Dans son communiqué du 23 septembre 2013, le SNPTES-UNSA avait annoncé qu’à l’issu de long mois de négociations, le gouvernement allait annoncer une revalorisation des échelles de rémunération des personnels de catégorie C. Il avait précisé que le ministère n’avait pas encore tranché entre deux scénarios :

1. une augmentation uniforme de 3 points par échelon au 1er janvier 2014 sans modification des grilles ; 2. revalorisation des échelles existantes, création d’échelons supplémentaires pour les échelles 4, 5 et 6 et réduction de la durée de carrière. Le SNPTES-UNSA avait fait savoir qu’il était favorable à la deuxième proposition.

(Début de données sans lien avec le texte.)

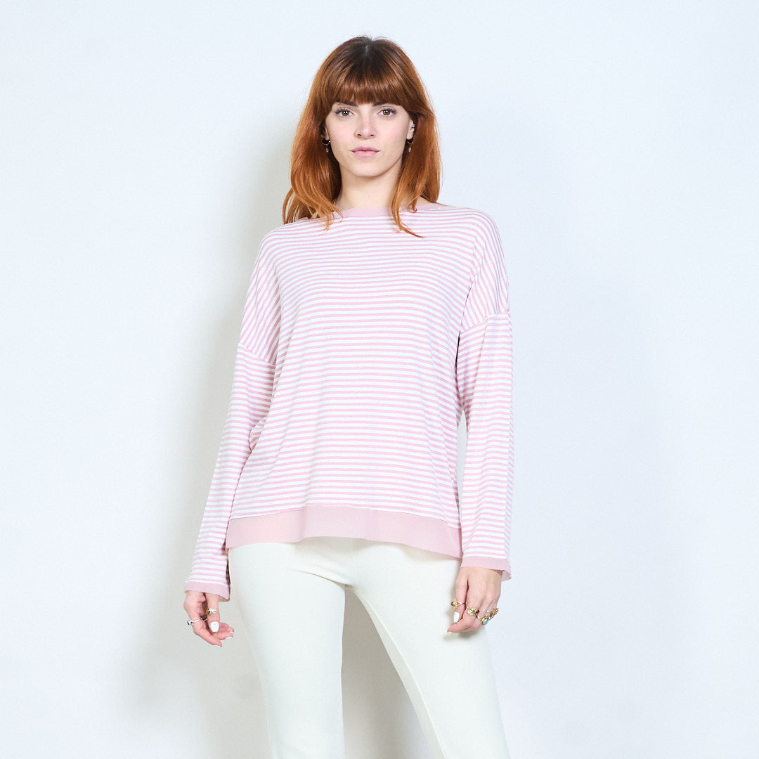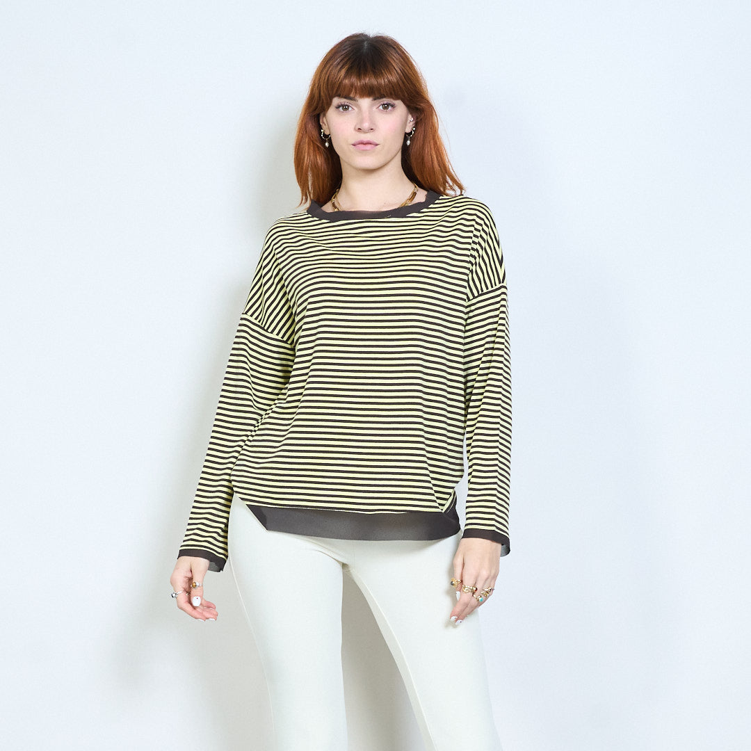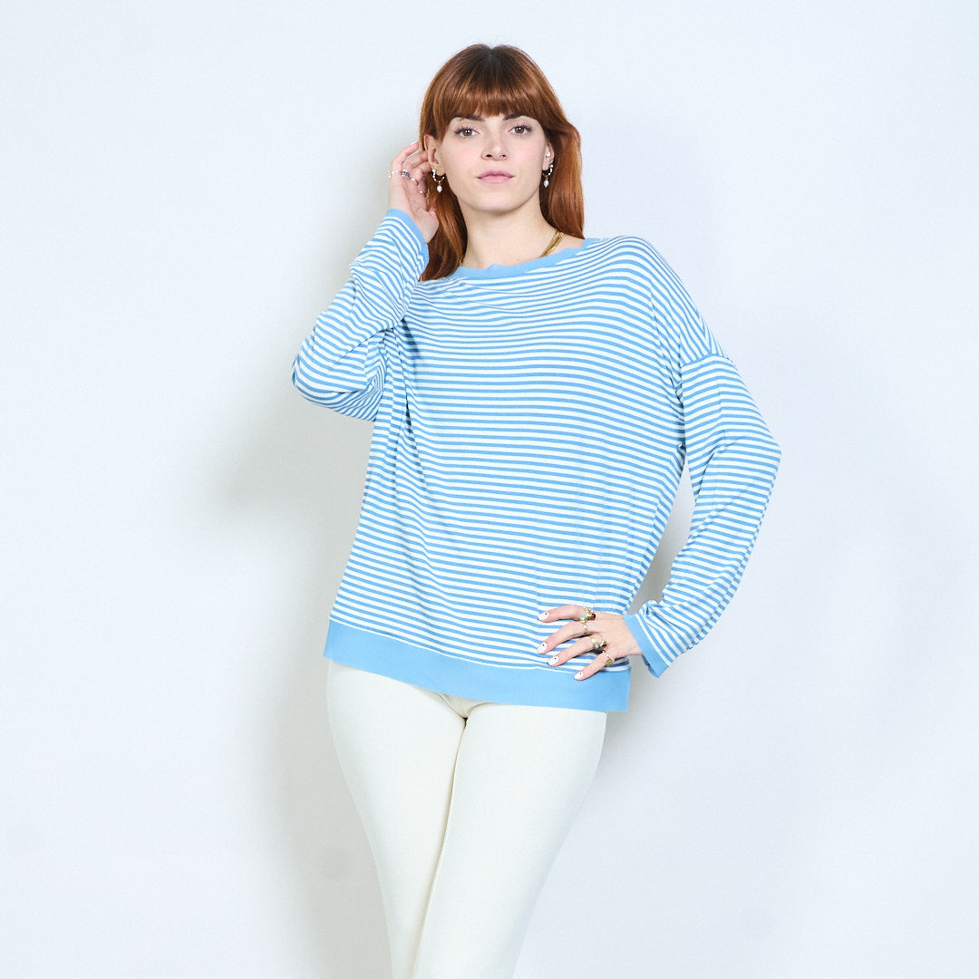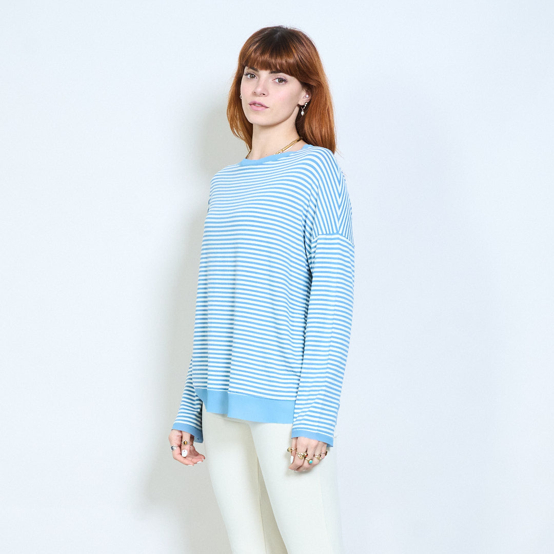 Top a rayas de manga larga y corte relajado con dobladillo acanalado al por mayor

Le 26 septembre 2013, Marylise Lebranchu, ministre de la Fonction publique, a annoncé lors de sa présentation de l’agenda social 2013 2014 : "nous avons décidé de mettre en œuvre cette revalorisation dans le cadre d’une grille restructurée, permettant un reclassement d’échelon à échelon et non dans le cadre d’une attribution de points uniformes. Le gouvernement fait le choix de revaloriser l’ensemble des agents de la catégorie C mais souhaite que les agents ayant les plus petites rémunérations bénéficient d’une revalorisation plus importante."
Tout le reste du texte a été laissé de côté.